こうした課題意識は、1970年代半ばにテレビCMで「私作る人、僕食べる人」という台詞が問題視された頃から社会にありましたが、半世紀近く経った現在でも同様のことは繰り返されています。

そして、メディア形態が多様化し、SNSを通じて誰でも公に発言できるようになった現在、情報を受け取る側にはさまざまな価値観や考え方があることに配慮せずに出される広告や企業関係者の発言は、容易に炎上するようになり、レピュテーションリスクも格段に高まっています。

特に留意すべきなのは、前述したアンコンシャス・バイアスに基づいて、人権リスクの認識なく侵害行為がなされてしまうことです。企業には、商品・サービスが市場に出る前に、また広告が公開される前に、社内で人権方針などに照らして慎重に検討し、人権尊重の意識をしっかり確認することが求められます。ガバナンスの質を問われる課題とも言えるでしょう。

環境・気候変動に関連する人権問題

日本国憲法では、すべての国民が健康で文化的な最低限度の生活を営む権利をもつことが規定されています。しかし、昨今の環境汚染や地球温暖化は、人々の生活、安全、健康や経済活動に甚大な影響を与えており、ときには自然災害や疾病を通じて生命をも脅かします。

環境・気候変動問題が人権に与える影響について、企業活動はけっして無縁ではありません。たとえば、化学物質の流出や工場の事故などにより人命を危険にさらしたり、大気・土壌・水質汚染によって地域の住環境に被害を与えたりすることが挙げられます。

また、再生エネルギー開発のために事業用地の環境が破壊されることや、人権侵害が懸念される地域で生産されたソーラーパネルを使用することによっても、人権への負の影響を与える場合があります。

さらに、環境・気候変動は、世界中のすべての人々に関わる問題である一方で、高齢者・女性・子ども・障がい者・先住民などが特に脆弱な立場にあり、より深刻な影響を受けやすいことにも留意が必要です。

2022年7月、国連総会で、清潔、健康的で持続可能な環境への権利を人権と認める決議が採択されました。環境・気候変動と人権の関係が世界的に認められた画期的な決議といえます。2021年10月に国連人権理事会で同様の決議が行われた際に棄権した日本政府も、国連総会の決議には賛成しました。

地球規模の課題にさまざまなステークホルダーが取り組むなか、人権尊重の観点からも、いっそうの連携による取り組みの拡大が期待されています。

まとめ

ここまで、企業活動に関連して、自社内やサプライチェーン上で起こりうる人権課題のうち、日常的に起こりやすいハラスメントや差別、制度利用の側面からも留意が必要な外国人労働者の人権問題、深刻な被害をもたらす可能性のある強制労働や児童労働などについて解説しました。

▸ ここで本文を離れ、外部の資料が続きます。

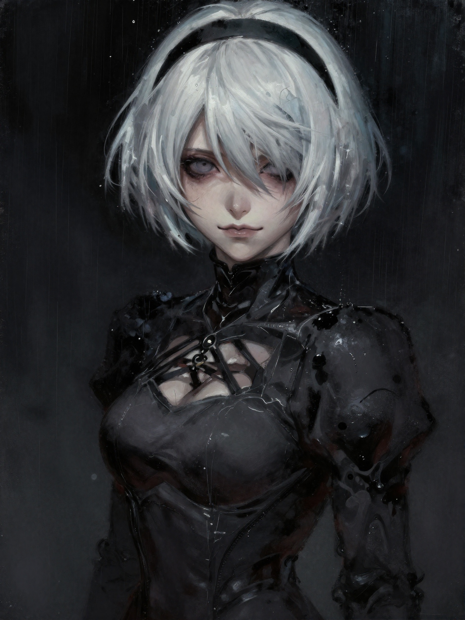 >>107408801>She wears a dark indigo velvet robe with a deep center split extending to her navel, revealing her torso and the cleavage between her gigantic breasts
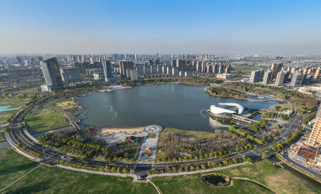 这是3月14日拍摄的太仓市天镜湖公园(无人机照片)。
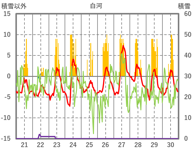 | 日 | 時 | 気温 | 降水 | 風向/風速 | 日照 | 積雪 | 降雪 |

また、テクノロジー・AIや広告表現、環境・気候変動問題など最近注目が高まっているテーマも紹介しました。

企業が尊重すべき人権は非常に多岐にわたります。企業活動を支える「人」の権利を尊重するとはどういうことなのか、チェックリスト的に判断するだけでなく、理念や方針に立ち返って、あるべき姿を考えてみることも大切です。